Ela odiou tudo, e me odiou ainda mais.

Quando meu pai saia para trabalhar todas as manhãs, mamãe entrava em meu quarto e me empurrava para fora da cama. Não se importava se eu ainda dormia, ou não. Eu sempre acordava assustado, nunca preparado o suficiente para escutar sua violência verbal — quando me chamava de inútil, ou imbecil e infeliz, não segurava a língua, muito menos a mão.

Tinha a incrível habilidade de me cortar e me bater ao mesmo tempo. Era uma mulher habilidosa no que fazia.

Como quando ela usava as mãos para me prender com cordas em uma cadeira, ou no porão de casa, e me deixava trancado por horas, às vezes, dias. Era um alívio quando ela lembrava de jogar uma garrafa de água, ou alguma comida.

"É para o seu bem! " Ela dizia, e depois sumia.

"É para o meu bem..." Eu repetia, várias e várias vezes, até ouvir o barulho das portas se abrindo, ou os nós da corda sendo desatados.

Ela adorou ver eu me arrastando pela casa, carregando minha perna quebrada, e meu gesso, para todo o canto que eu ia. Adorou ver minha expressão de agonia, ou minhas lágrimas de puro sofrimento. Isso... isso, ela adorou.

Não me importei em dar a ela um pouco de felicidade.

Afinal, eu a destruí.

No entanto, enquanto me arrastava pelos corredores do inferno — ainda sentindo meu corpo despedaçado e cansado — não me contive em pensar nela, em imaginá-la se escorando na parede, com um palito entre os dentes e um sorriso nos lábios. Não me importei em perceber o quanto aquela imagem havia deixado minhas pernas bambas, ou meu coração palpitando.

Por que, pela primeira vez, eu havia feito algo errado e ela não estava ali para me julgar, nem para me bater ou amordaçar.

Ela não estava ali.

E me odiei por estar aliviado com aquela constatação.

Quando cheguei em meu quarto, com a ajuda de uma criancinha-monstro que alegava ter trezentos anos de idade, fechei a porta atrás de mim e me permiti respirar com força. A dor ainda estava ali, mas podia-se dizer que somada à um toque de felicidade.

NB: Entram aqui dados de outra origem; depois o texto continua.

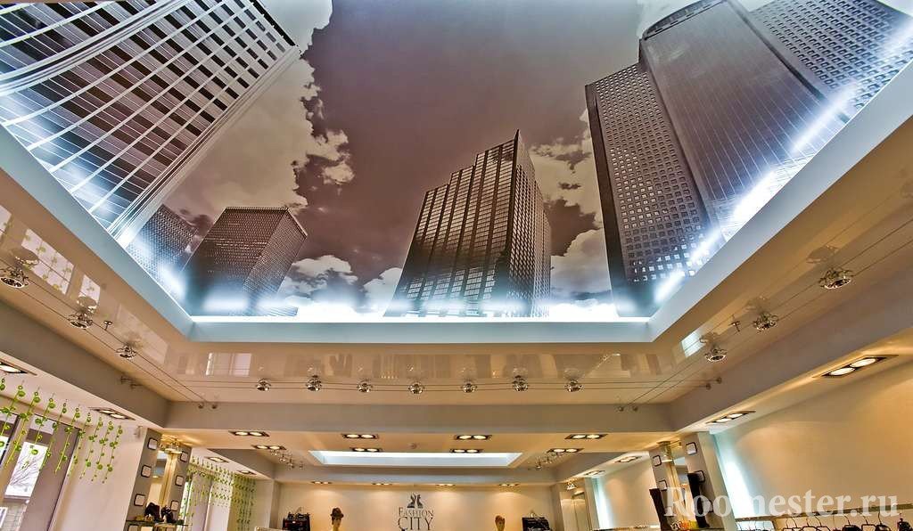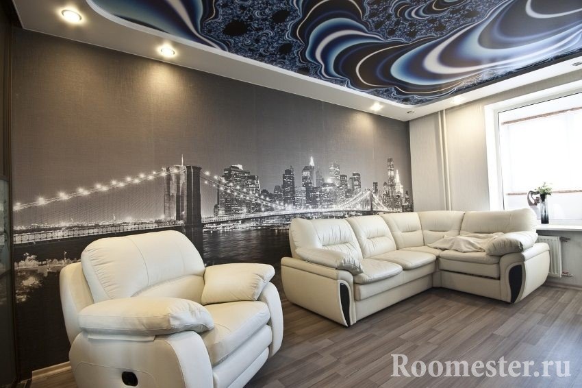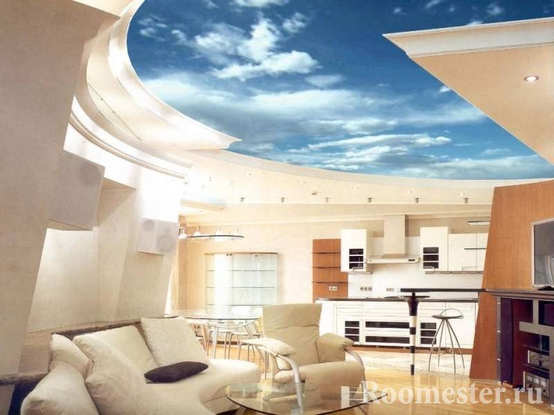 La gama de esta variedad de decoración está limitada solo por la imaginación. Los lienzos brillantes son fáciles de instalar y de calidad de impresión. Siempre puedes decorar adicionalmente con una imagen personalizada. Las inserciones de fotos personales en parcelas animadas se ven originales. Esta decoración de techo es ideal para niños. El niño puede tener derecho a elegir sus personajes favoritos.
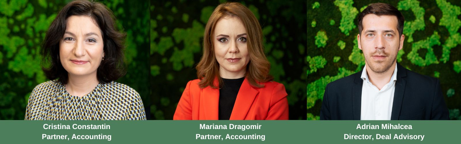 Cristina Constantin și Mariana Dragomir au fost numite în funcția de Outsourcing – Accounting Partner, iar Adrian Mihalcea în funcția de Deal Advisory Director, cu scopul de a consolida și dezvolta expertiza și capacitatea firmei în domenii cheie ale business-ului.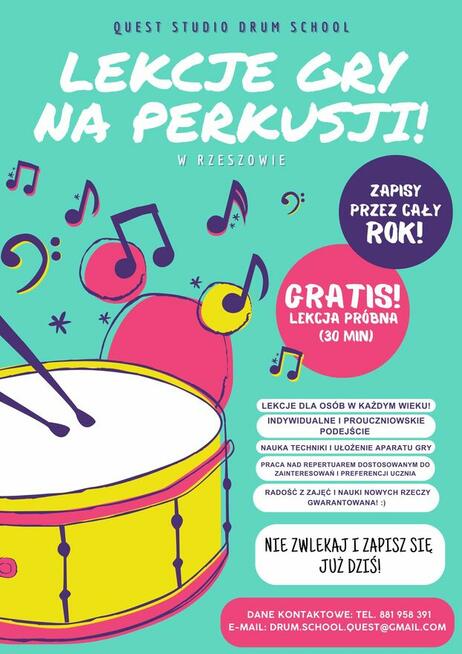 Lekcje gry na perkusji – Rzeszów Zapraszam na indywidualne lekcje gry na perkusji w Quest Studio Drum School w ...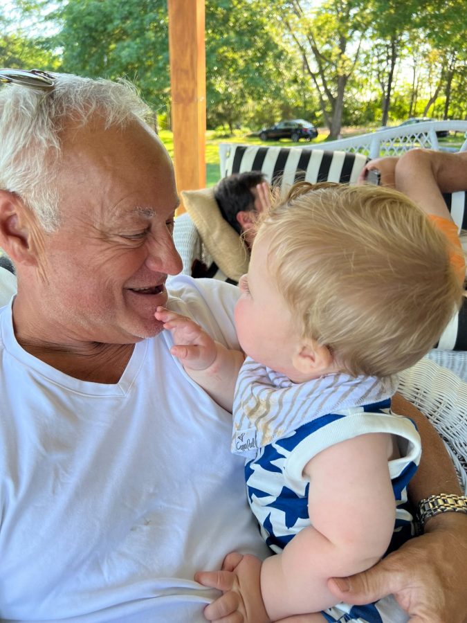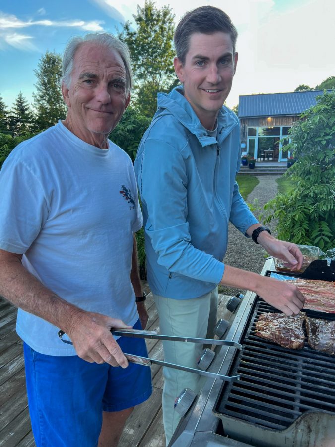 Father and son on the grill with the prepped protein.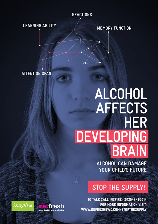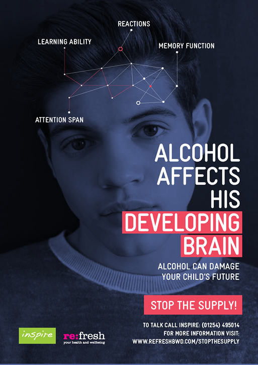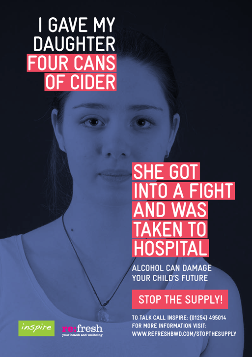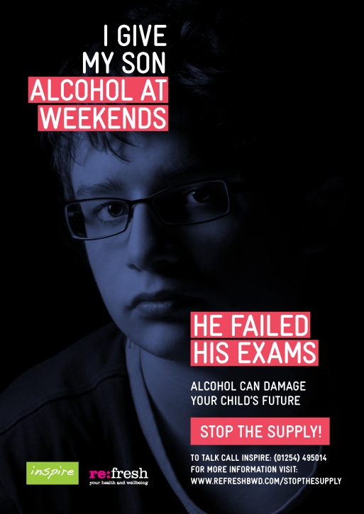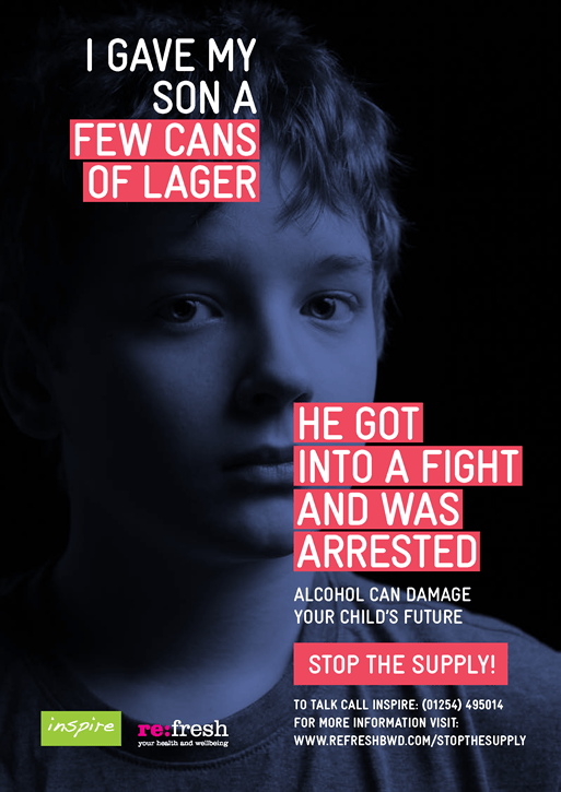 The online digital and printed poster campaign urges parents to ‘Stop the Supply’ of alcohol to children aged 13-16, highlighting various ways in which it can damage a young person’s future. In designing Stop The Supply, parents from across Blackburn with Darwen were spoken to, to gauge their awareness of and attitudes towards giving alcohol to their children at a young age. These conversations helped to inform the campaign’s visuals and typical circumstances when alcohol might be given by parents to their children.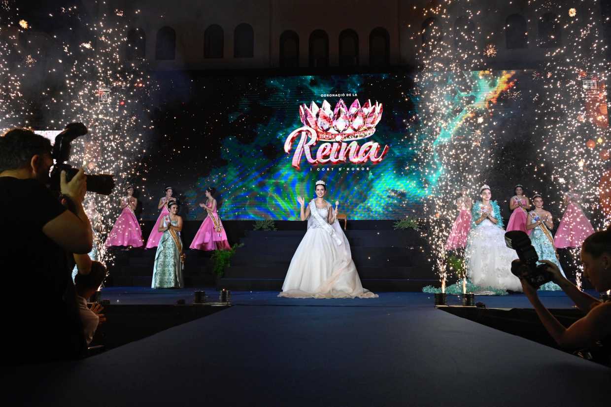 Reina y damas 2025 fueron presentadas previamente con una pequeña entrevista en directo en la que se percibieron las sensaciones de cada una de ellas antes de cruzar la pasarela. Además, en este emocionante acto no faltaron videos y audiovisuales en la espectacular pantalla que vestía el fondo del escenario. Los efectos pirotécnicos y la emotiva música también acompañaron cada momento del acto. La “Coronació 2025” fue presentada por Nuria Llorens, Isa Cano y Marian Pastor “majorales” 2025 de la penya El Cuc.
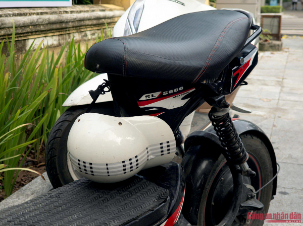 Chiếc mũ bảo hiểm của một em học sinh được treo ở yên xe máy trong suốt quá trình lưu thông trên đường thay vì đội lên đầu.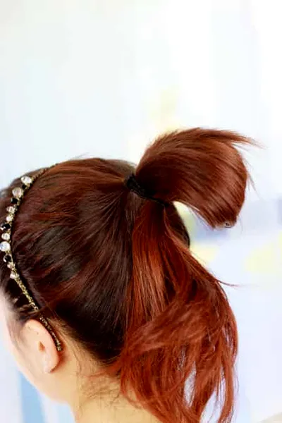 7、接着我们来第二款咯。如图所示,将头发扎成马尾,头发不要全收,留住一部分,成一个小球状。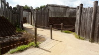| キレイな柵と堀だが、恐らく当時はもっと深かっただろう(ここは、現状は精々2m弱の深さ) |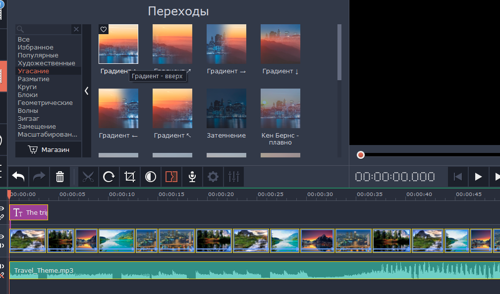 В меню слева отыщите «Переходы». Установите переходы между фото. Они могут быть одинаковыми или разными — выбирайте тот вариант, что понравиться. В открывшемся окне выберите стиль переходов, например, «угасание». Перетащите переход на видеотрек и расположите между фото.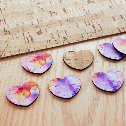 Cork - 30mm - Heart - Alcohol Ink- 09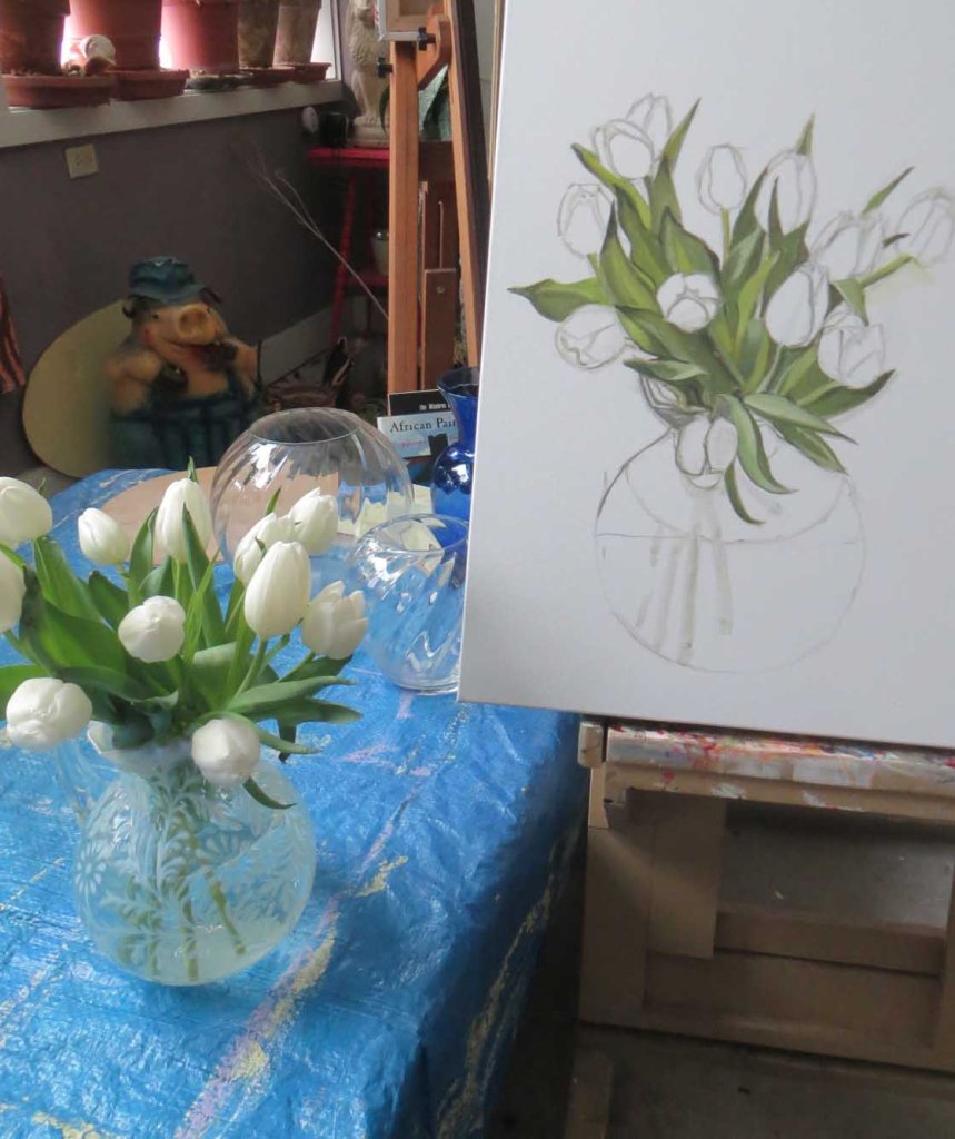 Tulips are wonderful to paint! They’ll hold up fairly well for about a week, so I try to get more than one painting out of them. But they’re tricky. They appear to change before my eyes, growing longer and twist around overnight, so I’ve found it best to get them all drawn in on the first day.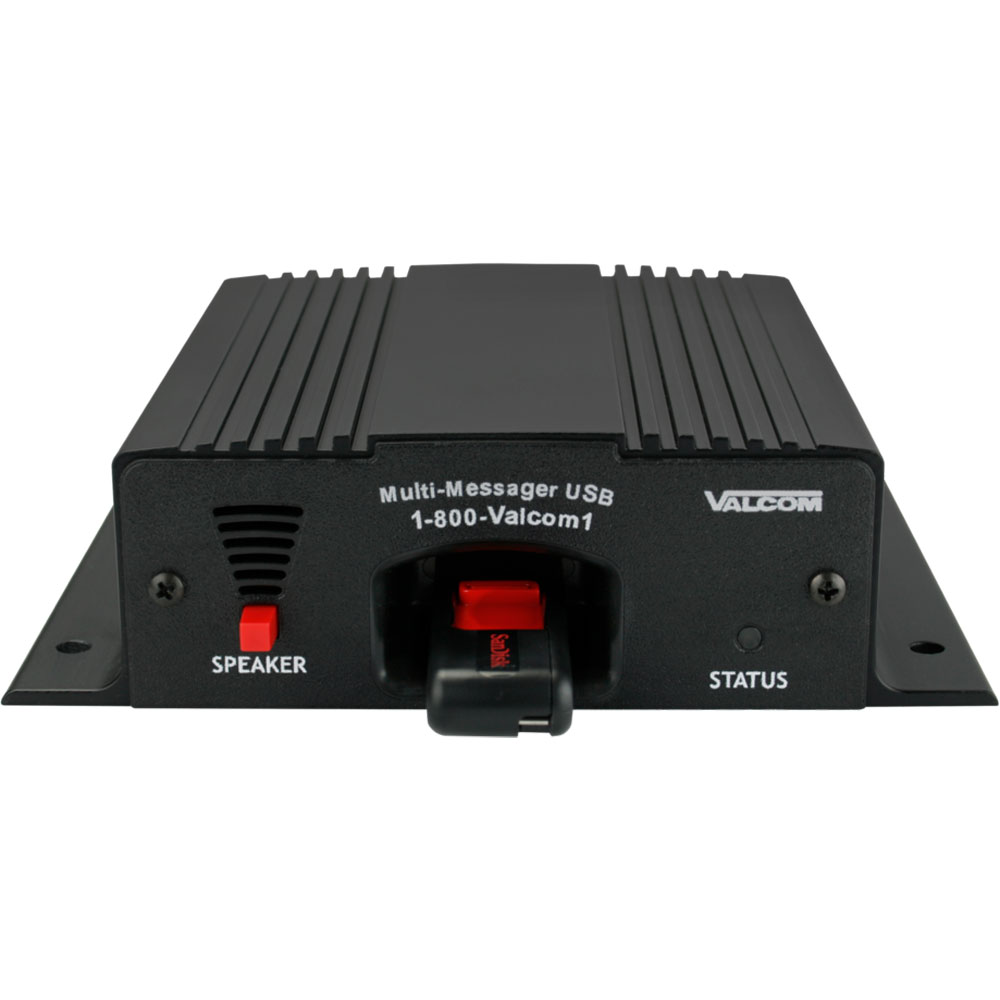 Valcom V-9989 is a device for storing messages to be played over a paging system. It is perfect for airports, manufacturing facilities, hospitals, theme parks, museums, and other locations where repeated messages are used. You can store up to 99 messages as MP3 files on a USB flash drive up to 4 GB in size. The messages can be played continuously, on a schedule via the device's built-in timer circuit, or triggered via an input. No drivers or special software are needed for operation.

Felicidade por estar morto?

... Sim.

Ainda haviam muitas coisas para pensar, mas minha mãe não era mais uma delas. Nunca mais! Ainda bem que já estou morto, pois não iria para o céu por estar pensando nisso... ainda bem! Além de minha mãe, haviam mais duas coisas perambulando pela névoa em minha mente.

Morfus e... Meu Deus, Morfus e Jungkook!

O que o diabo fazia em minha mente?

Sentei em minha cama e escondi meu rosto com as mãos. Eu havia dormido em seu quarto! Havia tido um sonho muito estranho, induzido por um de seus monstros, e ele estava lá. Era um dos personagens macabros de meu pesadelo. O principal. O monstro que me atacava.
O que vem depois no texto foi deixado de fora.